The arts, culture, and museums advisory group pointed out that Harvard’s collections could benefit from shared state-of-the-art storage space in Allston. Shared exhibition space would encourage co-curation of shows and thus would represent an important intellectual benefit of proximity among museums. Performing artists – both student and professional – meanwhile, would welcome the availability of new performing venues. Most exciting, perhaps, is the possibility of cross-disciplinary art: Dialogue among different media, art forms, and genres is the source of much of today’s most interesting work.

The advisory group on housing looked carefully at the housing supply and demand at the University with a particular focus on graduate students and junior faculty. The group’s most important observation was that it is important for the University to achieve the goal of housing at least 50 percent of its graduate students.

Planning by the Allston Initiative

A parallel physical planning process managed by the Allston Initiative, a new department created this year, is also under way. The Allston Initiative is working with consultants who have technical expertise in transportation and land use and land development, and other areas.
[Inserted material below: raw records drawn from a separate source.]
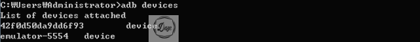 adb devices 명령어를 입력하면 PC에 연결된 단말기 정보를 확인할 수 있다. 42f0d50dad6f93은 실제 단말기이고, emulator-5554는 가상 단말기이다.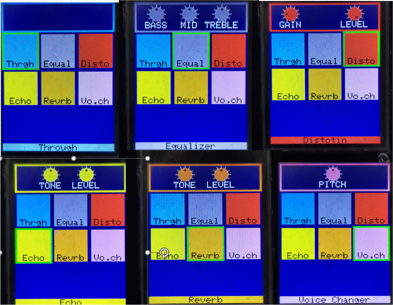 こんな感じで現状6個のエフェクターを切り替えできます。
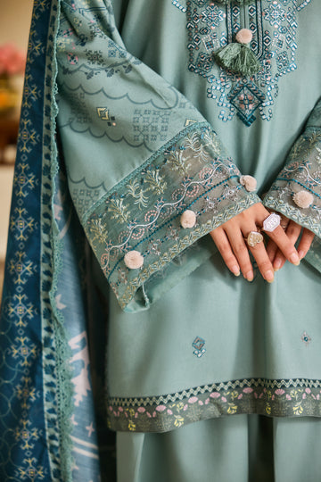 An exquisite digitally printed khadi ensemble that blends elegance with comfort. The embroidered front lends a touch of sophistication, beautifully complemented by the digitally printed back and sleeves. Enhanced with an embroidered border for the sleeves and paired with a soft digital printed khadi shawl, this outfit is perfect for refined winter styling.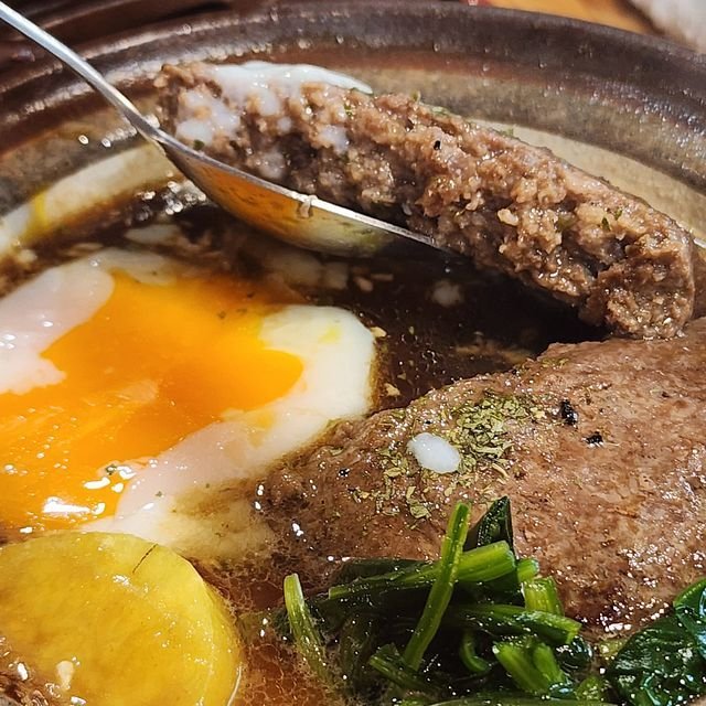 ババーンですな。洋食屋さんではないので、煮込みソースはデミグラスはないのですが、ちょっとすき焼きっぽい、甘口醤油系の和風の煮込みになっていまして、温玉とさつまいも、それにほうれん草が添えてあるのが健康健全的。量は結構しっかり!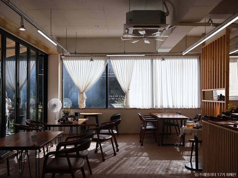 김해에 위치한 ‘장군차 산들’은 유기농 농법으로 직접 차나무를 재배하는 차 전문 공간이다. 넓고 푸른 녹차밭이 펼쳐진 풍경 속에서 신선하고 향긋한 차를 즐길 수 있는 곳이다. 이곳에서 제공하는 차는 유기농 재배를 통해 깊고 진한 맛을 자랑하며, 차와 잘 어울리는 수제 디저트들도 함께 맛볼 수 있다. 대표 메뉴로는 장군차 녹차와 유기농 말차라떼, 밀크티 콜드브루 등이 있고 수제 다식으로는 수제 양갱과 수제화과자, 앙버터 모나카 등 다양한 메뉴가 있어 취향에 맞게 선택해 즐길 수 있다. 가게 내부는 한적하고 편안한 분위기로 조성되어 있으며, 큰 창을 통해 녹차밭을 바라보며 여유롭고 조용한 시간을 보낼 수 있다.

These consultants have helped the University understand how to make Allston more connected to Cambridge by describing, for example, various transportation possibilities to link Allston to Cambridge. They have also studied the convertibility of buildings in Cambridge and what that would mean for growth in Allston.

“We are faced with a finite amount of space in Cambridge. We know Allston will allow Harvard to fulfill its academic and research mission generations from now,” said Kathy Spiegelman, director of the Allston Initiative. “With this land we have the opportunity to strengthen Harvard as an institution by helping integrate Harvard academically, logistically, and socially.”

Working with the Allston community

While Harvard’s internal planning processes have been taking place, the Allston community has also begun to plan for the arrival of a new academic campus. For many months members of the community have been in discussions with representatives of Mayor Menino’s staff, city agencies, and the University. Recognizing the importance that this move will have to the Allston community, the University has been working hard with both elected officials and civic leaders to find common ground for future development.

Kevin McCluskey, Harvard’s director for community relations in Boston, sees the community process informing and strengthening Harvard’s own internal planning effort, with proposed improvements in streetscape, the enhancement and creation of more open space, and increases in housing.

Neighborhood residents who have been a part of the process agree that there is a potential for a “win-win.”

“With Harvard anticipating building out space for academic programs, we have to expect and look at how that might change the character of the neighborhood. We are looking at how that change might be brokered to preserve the natural diversity of this community,” said Ray Mellone, chair of the planning committee and lifelong resident of Allston.

Provost Hyman said, “With this land we have the opportunity to strengthen Harvard for generations to come. The good work done this year by faculty, staff, and others in the University community has laid a strong foundation for advancing this enormously important and complicated process.”

Recent Allston purchase

As the Gazette goes to press, Harvard has finalized the purchase of 91 additional acres in Allston from the Massachusetts Turnpike Authority. This purchase will help ensure that the University can meet the long-term needs of future generations. There are no current plans for this most recent purchase.